## WHAT THIS TASK INVOLVES
Transcribe exactly, and without pictures, only the lines from the one bearing "جذب آب دارد" through the final line of the data below.

## INFORMATION SHOWN

• • •

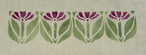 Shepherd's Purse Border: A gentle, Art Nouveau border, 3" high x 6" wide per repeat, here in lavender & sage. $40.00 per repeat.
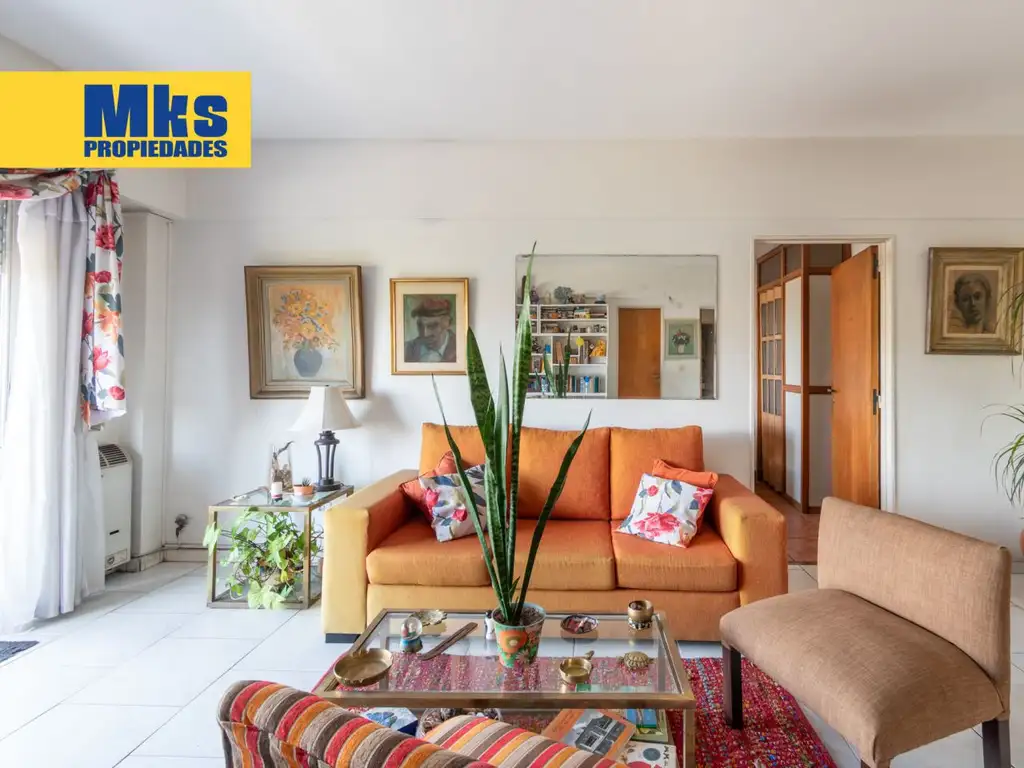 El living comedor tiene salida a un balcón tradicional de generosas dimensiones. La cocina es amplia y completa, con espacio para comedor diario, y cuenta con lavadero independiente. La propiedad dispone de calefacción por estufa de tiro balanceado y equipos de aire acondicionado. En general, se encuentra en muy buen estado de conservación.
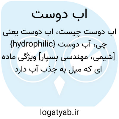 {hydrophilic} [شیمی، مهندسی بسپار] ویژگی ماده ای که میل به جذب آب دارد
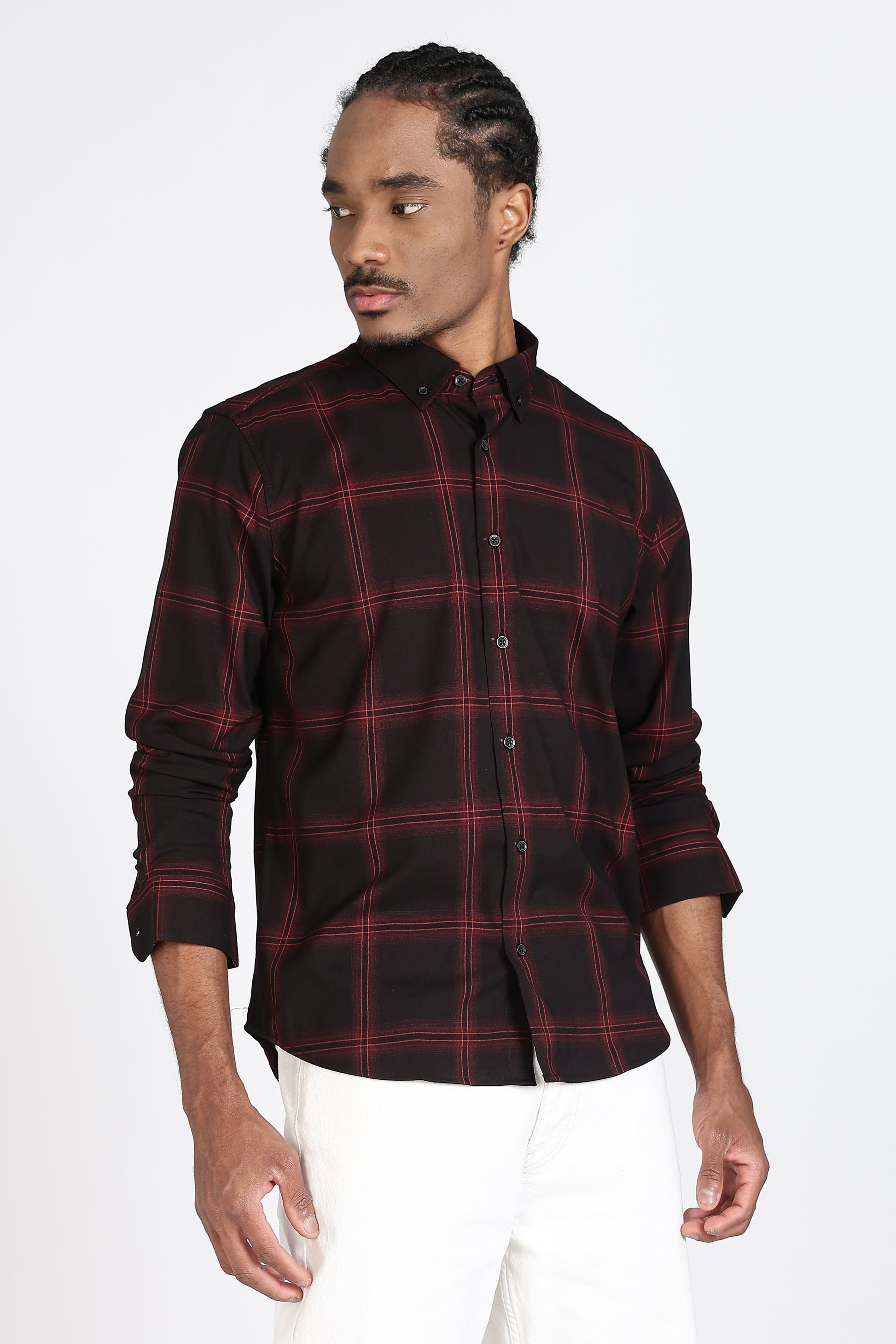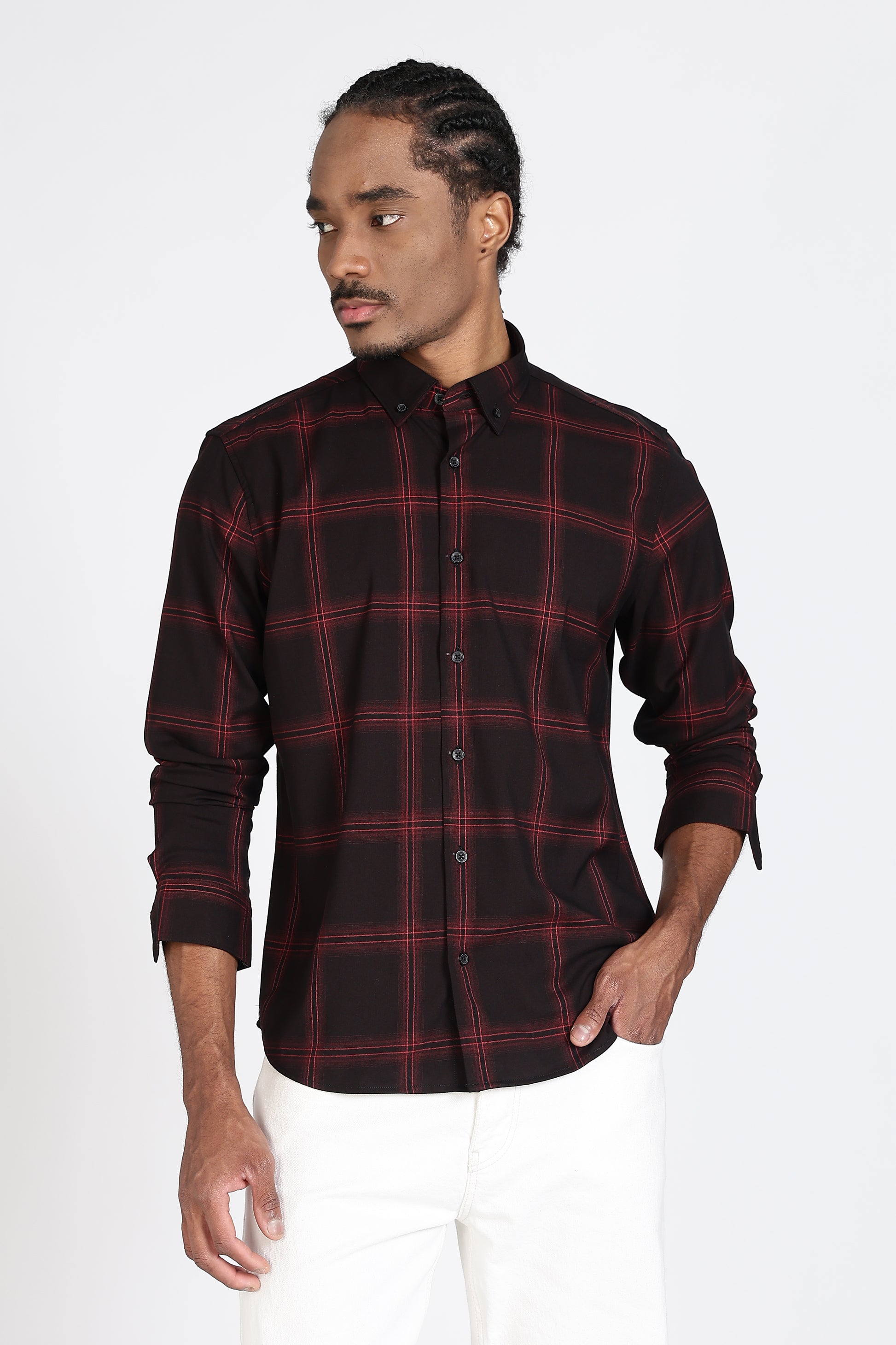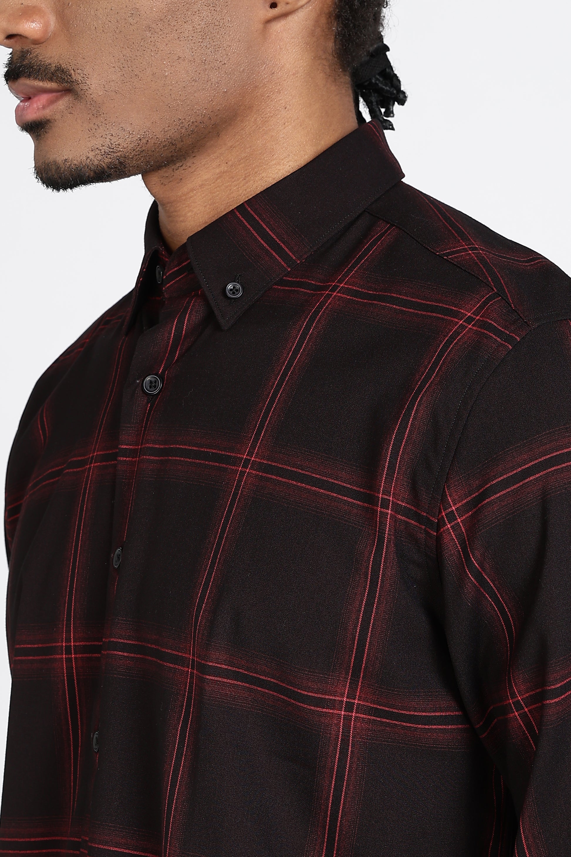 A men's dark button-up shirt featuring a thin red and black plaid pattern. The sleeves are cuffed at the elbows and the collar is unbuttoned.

• • •

## THE ANSWER
 {hydrophilic} [شیمی، مهندسی بسپار] ویژگی ماده ای که میل به جذب آب دارد
 A men's dark button-up shirt featuring a thin red and black plaid pattern. The sleeves are cuffed at the elbows and the collar is unbuttoned.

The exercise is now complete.